In the above example (Listing 1.5) role OuterTeam.RoleAndTeamSub.InnerRole has two direct tsuper roles: OuterTeam.RoleAndTeam.InnerRole and SuperOuter.RoleAndTeamSub.InnerRole. Without the method foo defined in lines 27-30, the enclosing class OuterTeam.RoleAndTeamSub.InnerRole would inherit the method foo defined in SuperOuter.RoleAndTeamSub.InnerRole (line 9), because the common name suffix RoleAndTeamSub.InnerRole creates a stronger relationship making that class the closest ancestor.

Example diagram team nesting

(f) Qualified tsuper

A role in a nested team may qualify the keyword tsuper (see §1.3.1.(f) above) by a type name in order to select among different implicit super classes. A term OuterTeam.tsuper evaluates to a corresponding implicit super class within the context of the explicit super-class (here: SuperOuter) of the enclosing team "OuterTeam". A method call OuterTeam.tsuper.m() evaluates to the method version within SuperOuter that best corresponds to the current method containing the tsuper-call.

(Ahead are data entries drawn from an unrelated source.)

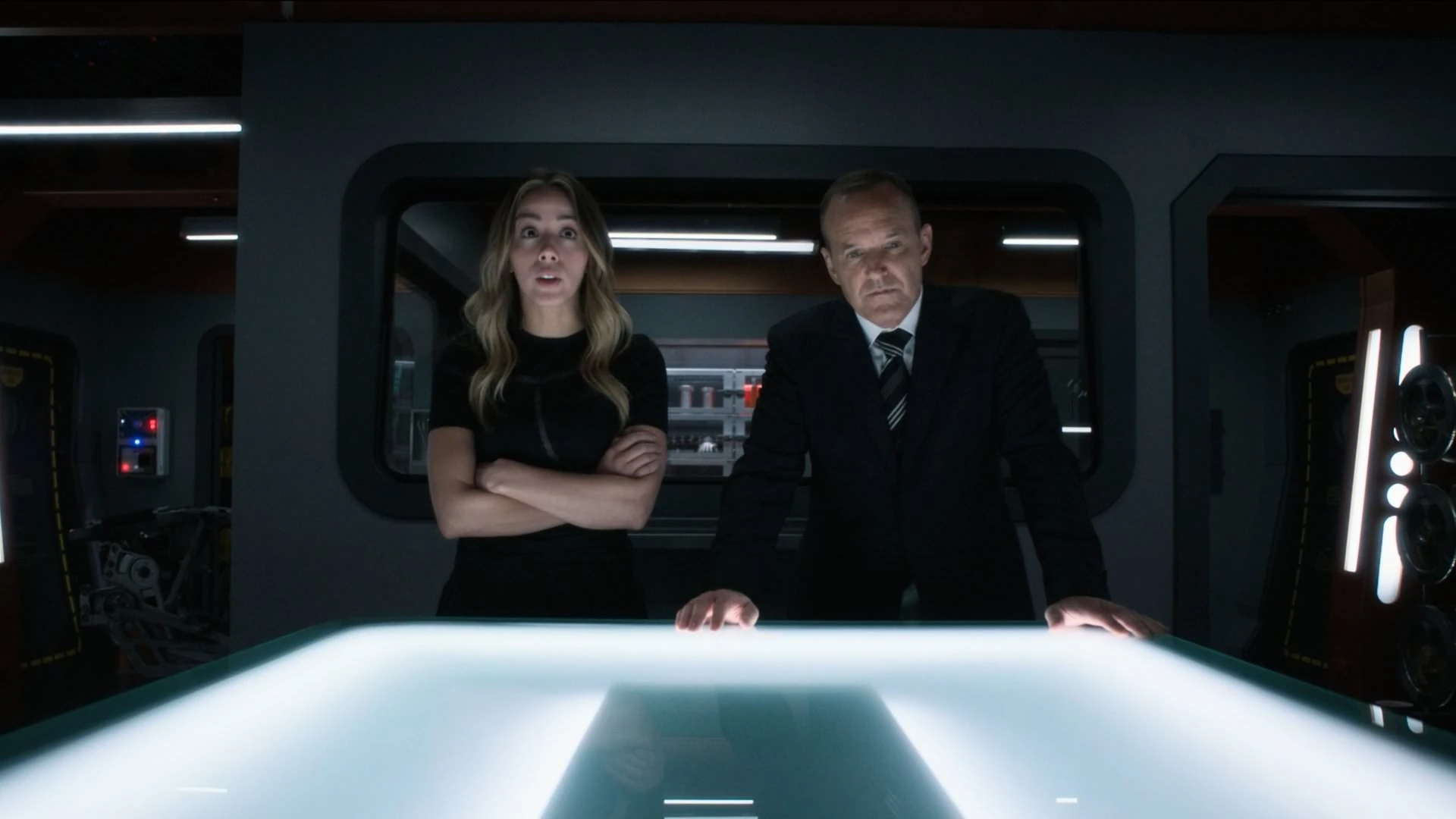 - Маяк: Пытаясь сбежать с маяка, Колсон и Мелинда Мэй были схвачены агентами Щ.И.Т.а из 70-ых. Рик Стоунер запер их в специальной комнате, после чего они сбежали и помогли генералу одолеть хроникомов.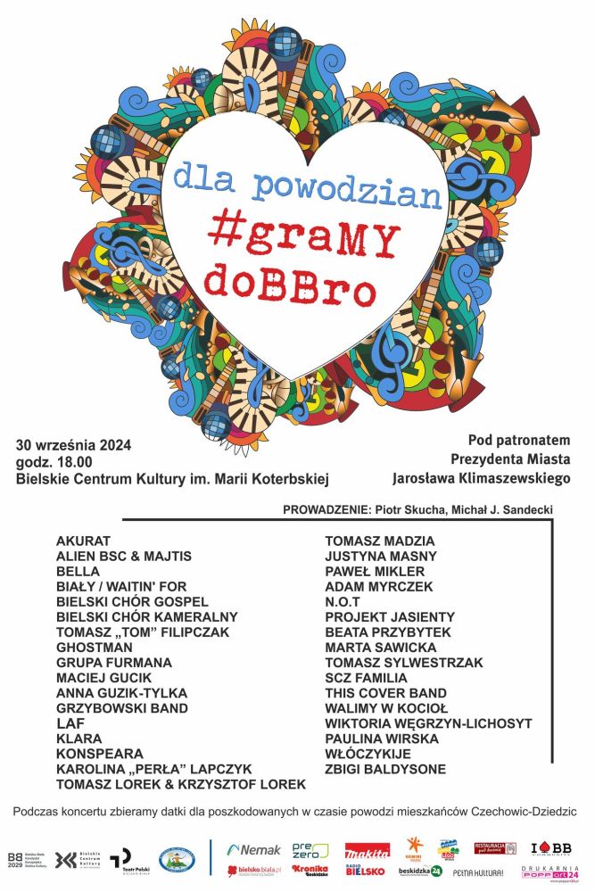 poniedziałek, 30 września 2024, godz. 18:00Bielsko-Biała, pokażmy nasze serca i zagrajmy wspólnie dla powodzian z Czechowic-Dziedzic! Już 30 września o godzinie 18:00 w Bielskim Centrum Kultury im. Marii Koterbskiej odbędzie się wyjątkowy koncert charytatywny – VIII edycja Gramy doBBro. W tym roku wszystkie zebrane fundusze zostaną przekazane na pomoc mieszkańcom Czechowic-Dziedzic, którzy ucierpieli w wyniku katastrofalnej powodzi.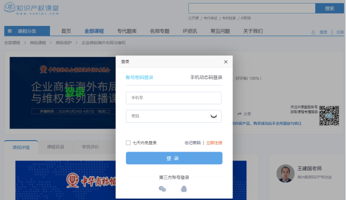 点击课程直播地址(http://www.xueipr.com/course/detail/328703),即可进入直播平台,登陆界面自动弹出。

  • In the above example (Listing 1.5) line 28 selects the method version within the superclass of RoleAndTeamSub (i.e., within RoleAndTeam), resolving to OuterTeam.RoleAndTeam.InnerRole.foo().
  • Line 29 selects a corresponding method from the context of SuperOuter resolving to SuperOuter.RoleAndTeamSub.InnerRole.foo() which has the same semantics as an unqualified tsuper call would have.